Veel baby's nemen vaste voeding na een borst- of flesvoeding, die zowel hun zuigbehoefte bevredigt als snel hun honger stilt. Vaste voeding introduceren voor de leeftijd van 4 maanden wordt niet aanbevolen. Zuigelingen jonger dan 4 maanden hebben geen vast voedsel nodig als voeding, kunnen nog niet gemakkelijk vast voedsel doorslikken en moeten niet gedwongen worden gevoed met een lepel of door babyvoeding met flesvoeding te mengen.

Zuigelingenvoeding bestaat uit granen met één korrel (zoals met ijzer verrijkte rijstgranen) en een verscheidenheid aan gepureerd fruit, groenten en vlees. Artsen denken niet langer dat het uitmaakt in welke volgorde deze voedingsmiddelen worden geïntroduceerd. Als je met nieuwe voeding begint, kan het een aantal weken duren voordat een zuigeling de nieuwe voeding lekker begint te vinden. Het is dus belangrijk dat ouders niet opgeven na de eerste of tweede poging als de zuigeling een bepaalde nieuwe voeding niet lekker lijkt te vinden.

Het voedsel moet op een lepel worden aangeboden, zodat de baby de nieuwe voedingstechniek leert. Op de leeftijd van 6 tot 9 maanden kunnen baby's voedsel vastpakken en naar hun mond brengen en moeten ze worden aangemoedigd om zichzelf te helpen voeden. Zelf gepureerde voeding is goedkoper dan commerciële babyvoeding en biedt voldoende voeding. Commerciële bereidingen van wortelen, bieten, rapen, raapstelen en spinazie hebben echter de voorkeur voor baby's jonger dan 1 jaar omdat ze gescreend worden op nitraten. Hoge nitraatniveaus, die methemoglobinemie (een aandoening die het vermogen van het bloed om zuurstof te vervoeren aantast) kunnen veroorzaken bij jonge kinderen, worden aangetroffen in groenten die worden geteeld met water dat is verontreinigd door kunstmest.

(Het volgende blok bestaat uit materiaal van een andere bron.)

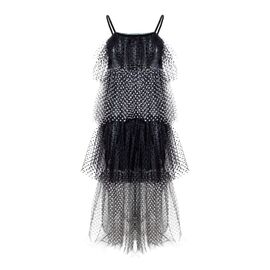 Комбинированное платье миди с рукавами из ткани, расшитой пайетками
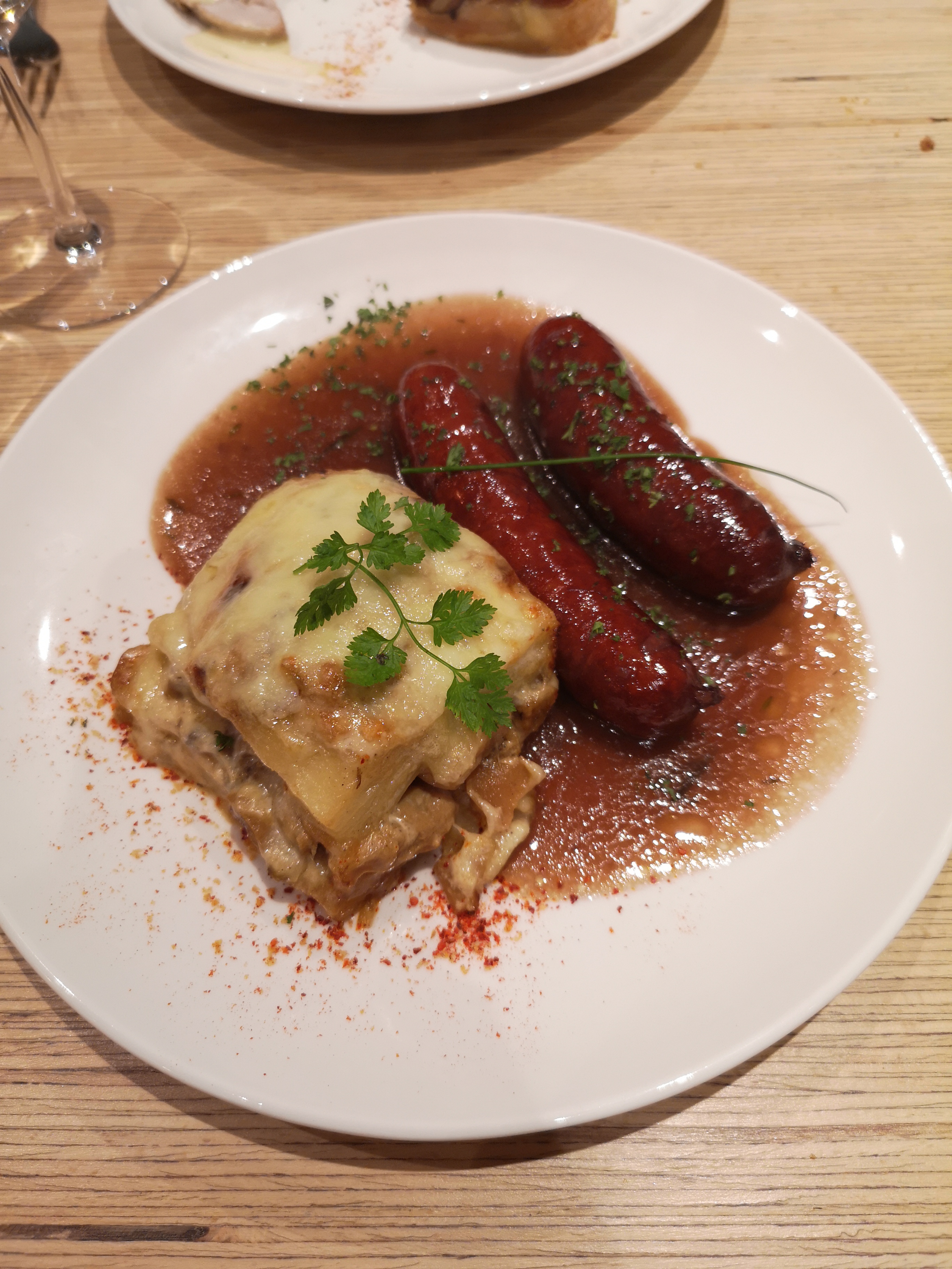 Nous avons adoré les os à moelle, les diots au vin rouge et le gratin dauphinois, vraiment exquis. Je n'avais rien mangé d'aussi bon et recherché depuis un moment ! Petite déception pour le dessert, qui ne nous a pas convaincu. L'entrée et le plat étaient si bons que le dessert à fais tâche, même si la profiterole et lz tiramisu étaient bons. Préparés à l'avance, et petit doute sur la profiterole qui est peut-être surgelée. Dommage ! Le service était cependant irréprochable, très efficace. L'ambiance y est chaleureuse, et la température de la salle était parfaite. Très bon rapport qualité/prix !

Hoewel baby's graag zoet eten, is suiker geen essentiële voedingsstof en mag het alleen in kleine hoeveelheden worden gegeven, als het al wordt gegeven. Gezoete dessertvoeding is niet goed voor baby's. Sap is een slechte voedingsbron, draagt bij aan gaatjes en moet worden beperkt tot 4 tot 6 ons per dag of helemaal worden vermeden.

Voedingsmiddelen die je moet vermijden zijn:

  • Honing (tot de leeftijd van 1 jaar) omdat het sporen van Clostridium botulinum kan bevatten, die onschadelijk zijn voor oudere kinderen en volwassenen, maar botulisme kunnen veroorzaken bij baby's.
  • Voedingsmiddelen die gemakkelijk verstikking kunnen veroorzaken of kunnen worden ingeademd (tot de leeftijd van 2 of 3 jaar), waaronder hele noten of bonen, harde snoepjes, sojabonen, popcorn, hotdogs, vlees (tenzij het gepureerd is) en druiven (tenzij ze in heel kleine stukjes zijn gesneden).

Zuigelingen kunnen voedselallergieën ontwikkelen. Als er in een korte periode veel verschillende voedingsmiddelen worden gegeven, is het moeilijk om te bepalen welke de reactie heeft veroorzaakt. Vanwege dit probleem moeten ouders nieuwe voedingsmiddelen met maar één ingrediënt één voor één introduceren, ongeveer om de 3 tot 5 dagen. Als duidelijk is dat een voedingsmiddel wordt verdragen, kan een ander voedingsmiddel worden geïntroduceerd.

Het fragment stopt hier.